▸ Directions
Starting at the line that contains "A large playing" and stopping at the line that contains "A rear view", transcribe every line of the material below exactly; pictures stay out.
[[ Records for the task, beginning ]]
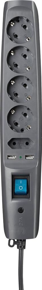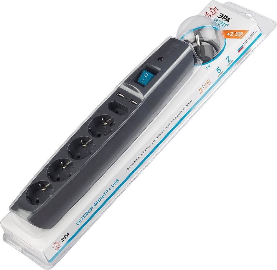 Сетевой фильтр пятиместный 2 м SFU-5es-2m-B "Эра" (10 А, надежный уровень защиты, 2 USB) с заземлением и защитными шторками, с выключателем, черный Мощный сетевой фильтр "Эра" серии SFU (надежный уровень защиты): защита аудио-, видеотехники, компьютеров, телефонов и другой техники от скачков напряжения, высокочастотных и импульсных помех (источники помех: дрель, пылесос, сварочный аппарат и др, подключение и отключение мощных энергопотребителей на подстанции)
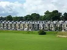 A large playing field belonging to George Heriot's School extends into the Goldenacre area. It was used in the 1981 film Chariots of Fire for the scene where, for the first time, Harold Abrahams watches Eric Liddell run.
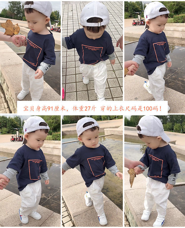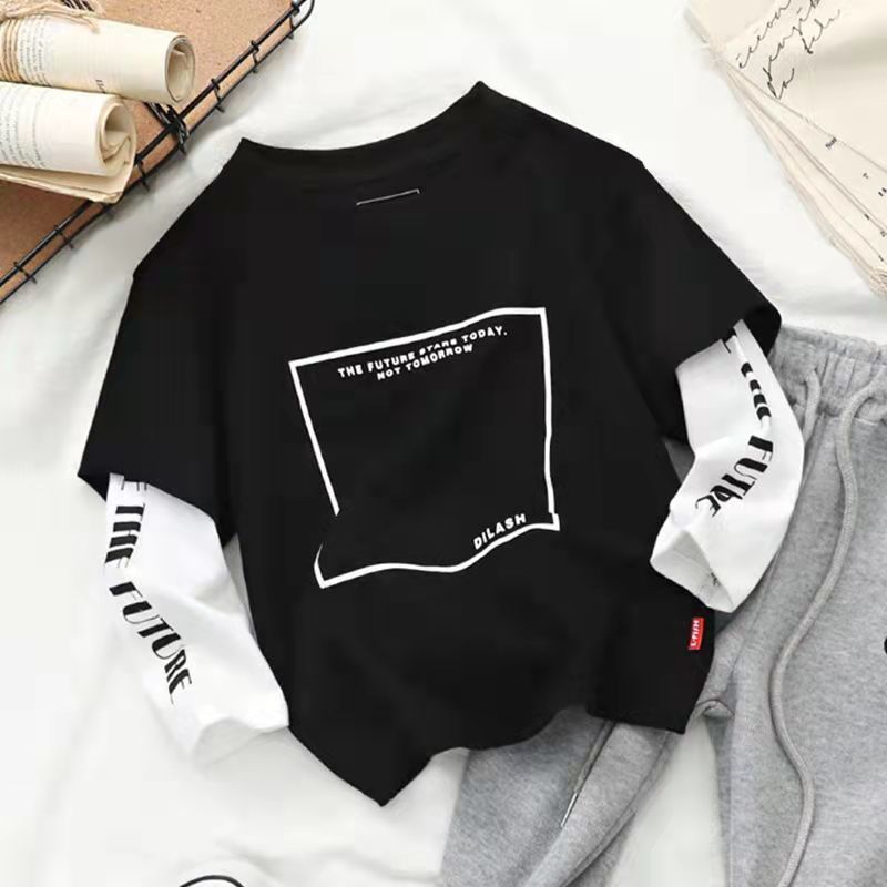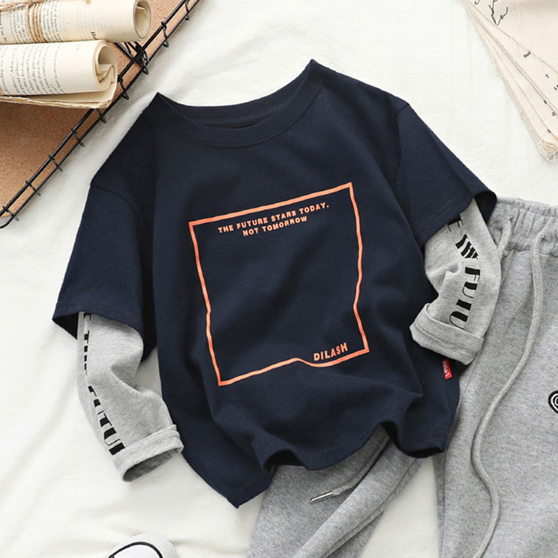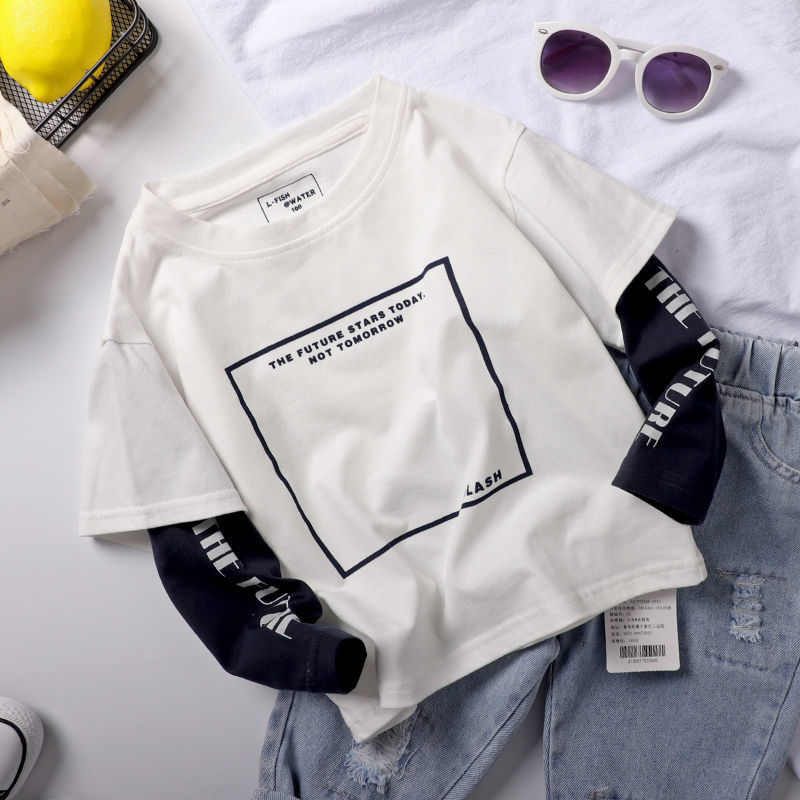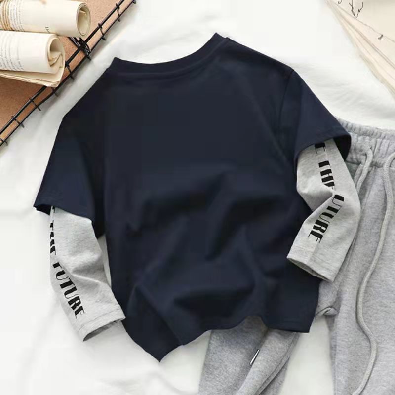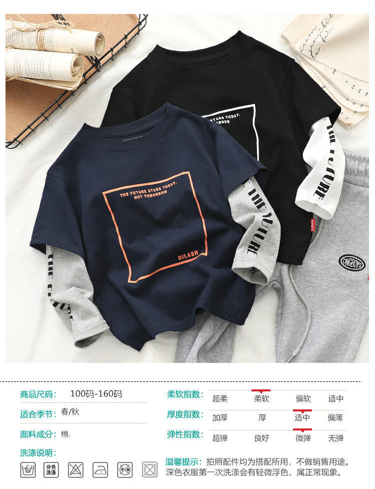 소년 가짜 투피스 티셔츠 2025 봄, 가을 새로운 스타일 아동용 긴팔 스타일 탑 소년 한국 스타일 티셔츠 유행스토어 가기
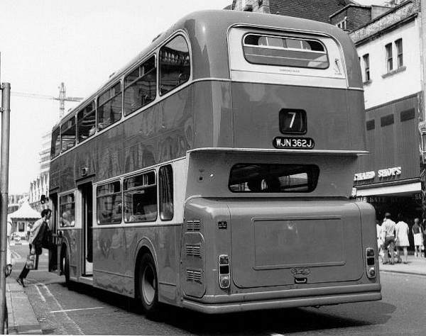 A rear view of a very new Southend Fleetline 362, WJN362J.
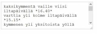 Kirjoita siis tehtävällesi otsikko, kuvaus (esim. ohjeet, kuinka tehdä tehtävä) ja tee varsinainen tehtävä. Kirjoita *-merkkien väliin haluamasi täydennettävä sana. Jos oikean vastauksen voi kirjoittaa monella tavalla, tulee sinun ilmaista kaikki mahdolliset variantit asteriskien välissä kauttaviivalla (/) eroteltuina. Näin ohjelma tietää hyväksyä oikeat vastaukset, sillä muuten pieninkin ison/pienen alkukirjaimen muutos tai pilkun/pisteen puute johtaa väärään vastaukseen. Valmiina tehtävä näyttää tältä:
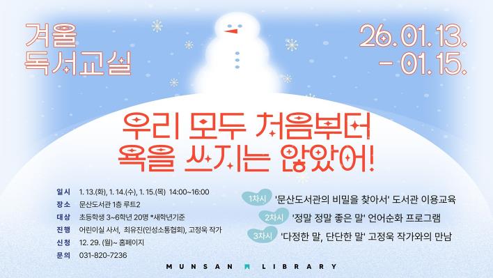 이번 겨울독서교실은 국립어린이청소년도서관의 독서교실 운영 지원을 받아 진행되며, 참여 어린이들에게는 학습 자료와 기념 물품이 함께 제공될 예정이다.
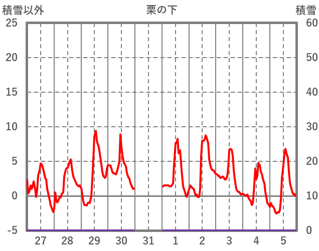 | 日 | 時 | 気温 | 降水 | 風向/風速 | 日照 | 積雪 | 降雪 |
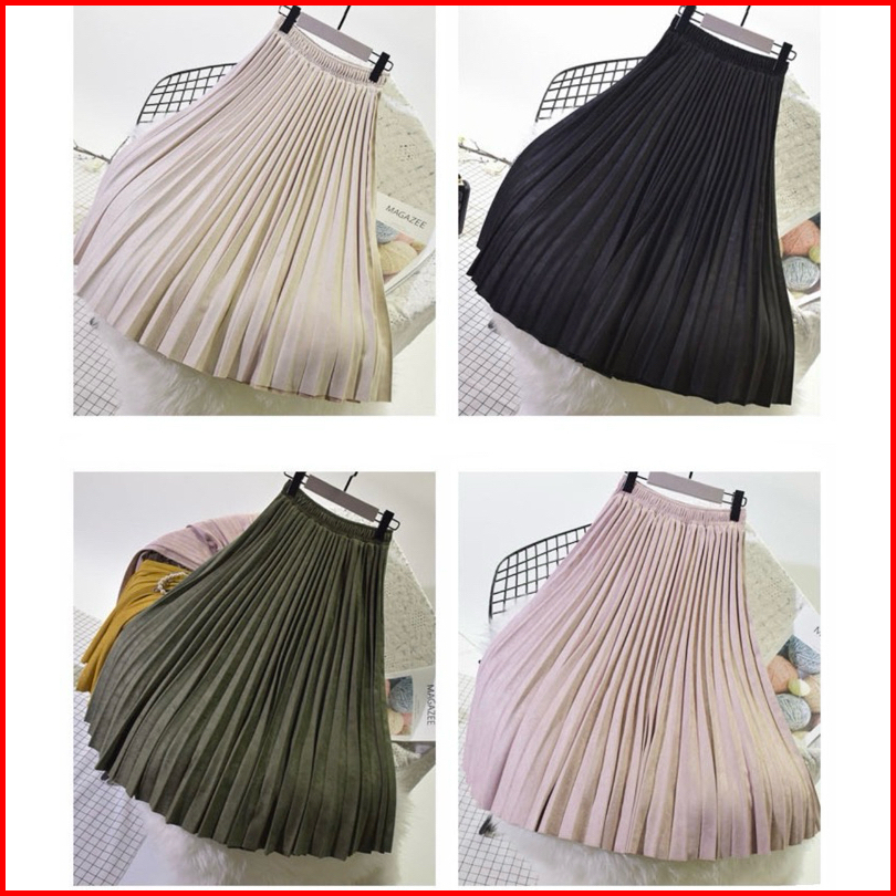 Ukuran 7 9 Rok Suede Rok Suede Import Maxi Skirt Motif Lucu Import Plisket Warna Pastel
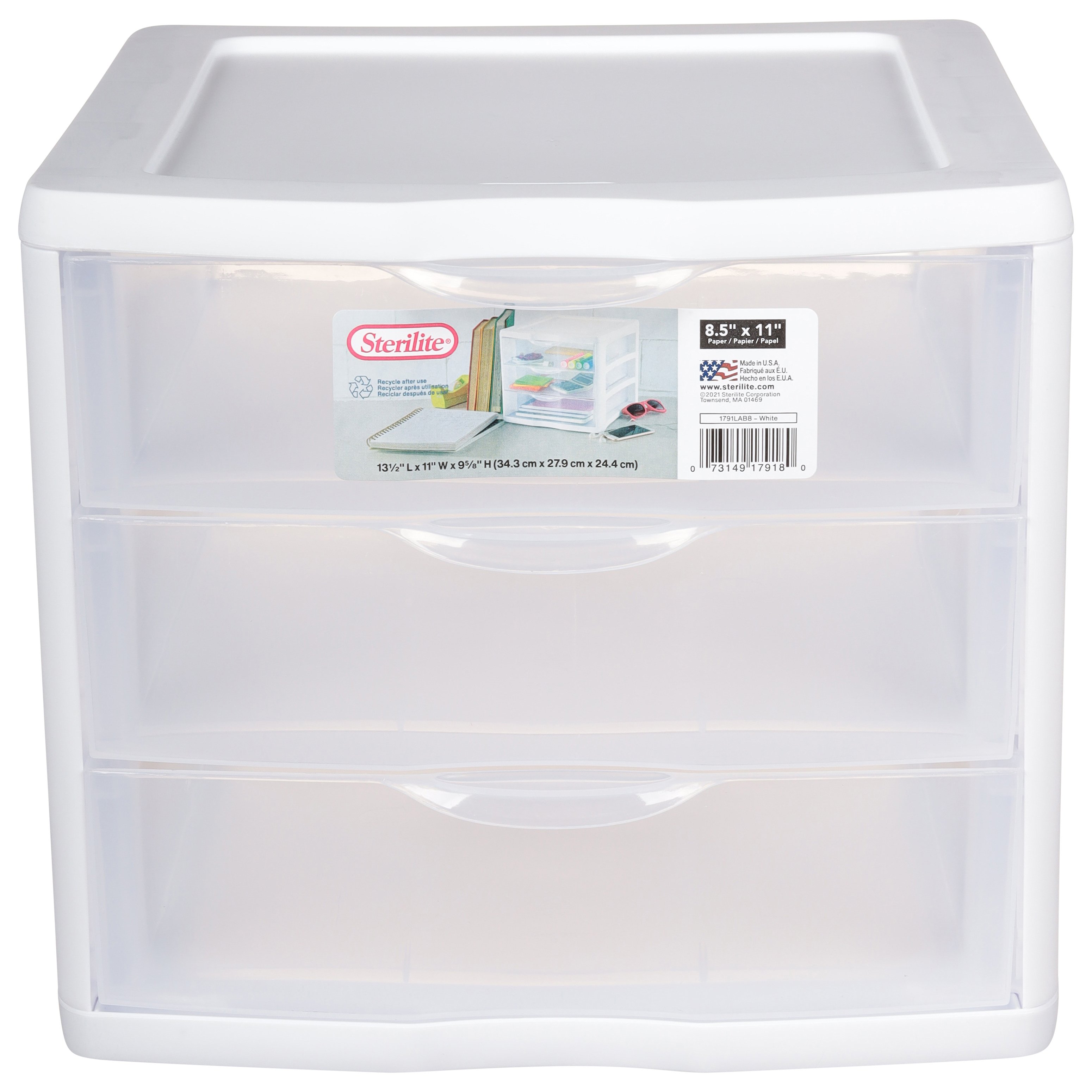 Sterilite White 3-Drawer Organizer | Big Lots Model number: 17918004. 13.5"L x 11"W x 9.63"H. Material: plastic. Features. Contemporary design with white case. Includes 3 - clear drawers for easy identificiation of contents. Drawers can accommodate a standard ram of 8.5" x 11" paper. Ergonomic drawer handles are easy to pull and push.
[[ Records for the task, end ]]
▸ Output below
 A large playing field belonging to George Heriot's School extends into the Goldenacre area. It was used in the 1981 film Chariots of Fire for the scene where, for the first time, Harold Abrahams watches Eric Liddell run.
 소년 가짜 투피스 티셔츠 2025 봄, 가을 새로운 스타일 아동용 긴팔 스타일 탑 소년 한국 스타일 티셔츠 유행스토어 가기
 A rear view of a very new Southend Fleetline 362, WJN362J.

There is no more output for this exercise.